What was unthinkable to men like Commager was that the first investigation was not an actual investigation. Earl Warren, they thought, would not put his name on a cover-up. Historians, in general, took at face value the forensic evidence dished up by Specter and the eyewitness evidence dished up by Ball and Belin, without realizing the evidence avoided and the short-cuts taken. To this day, in fact, one encounters those who dismiss any complaint about the forensic evidence or witness evidence as digging through minutiae. And I know this because I have engaged members of the WC staff and supposedly prominent thinkers of the Oswald did-it belief in discussions of the single-bullet theory, where they ran for the hills once I showed them the trajectory was doubtful and that Canning's study for the HSCA was a fraud. And they all told me the same thing--something they picked up from some blow-hard like Commager--that you can not get to the truth by looking closely at the evidence, that you must instead surrender to some general feeling that the evidence points in Oswald's direction.
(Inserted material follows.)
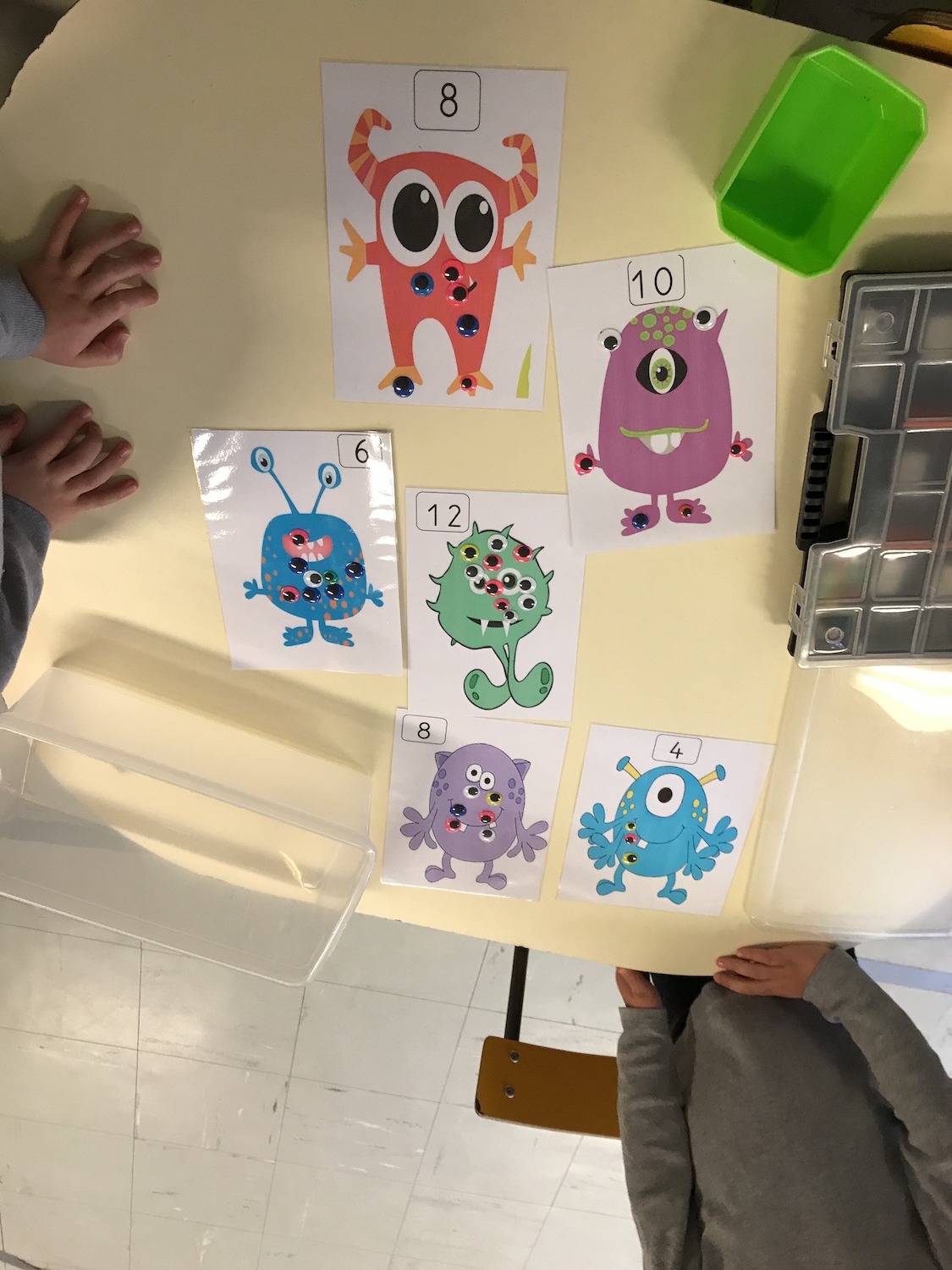 Le monstre qui croque et crache est en fait un jeu d’addition et soustraction. dans la classe, nous utilisons une peluche monstre avec une bouche mais ça peut tout à fait être une boite décorée en monstre.

Well...why? Has anyone done a detailed study of criminal cases and discovered how much counter-evidence exists in cases where there is slam-dunk evidence (let's say a video-tape, 10 eyewitnesses, and a confession)? I mean, beyond that most suspects don't get killed before reaching trial, do palm prints on a weapon routinely show up in the record after the suspect's death? And what about eyewitnesses? Do eyewitnesses who refuse to make a positive ID routinely come forward after the suspect's death, and after the FBI has paid a visit to their house? And what about the shirt fibers? Are fibers to a shirt worn when a suspect was arrested routinely found on the presumed murder weapon by the FBI (when they went unnoticed by the officer first inspecting the weapon), and how often does it later come out that the suspect had claimed he'd worn a different shirt at the time of the murder? And that the shirt he'd claimed to have been wearing was in fact collected by the police and studied by the FBI, but inaccurately described in their records so that no one would know this was the shirt he'd said he'd been wearing?

I mean, at what point, when one studies the evidence, should this "general feeling" Oswald acted alone turn to a "general feeling" the case against him was in large part a frame-up? And, perhaps more importantly, in the words of Commager, is there a "psychological force" that prevents one from changing one's "general feeling" once that "feeling" has taken root?
The Warren Commission consisted of seven committee members including Warren, a general counsel (Lee Rankin),  and more than two dozen staffers. Along with this were dozens of assisstants and others who helped conduct the investigation which was largely done by the staffers. And yes, the FBI's agents conducted interviews and studies.

Among the staffers were/are: John Hary Ely who was one of most cited constitutional scholar in American history; Norman Redlich, the chief author of the report who went on to head the NYU law school; Wesley Liebeler who went to to teach law for more than two decades at UCLA. Two of the staffers, David Slawson and Howard Willens are still alive.

If there was a coverup then all of these individuals - including the still living Slawson and Willens - carried it out. And kept quiet about it for the next roughly 50 years. Why? Why would they do this? All of them were corrupt? Evil? Bought off? What?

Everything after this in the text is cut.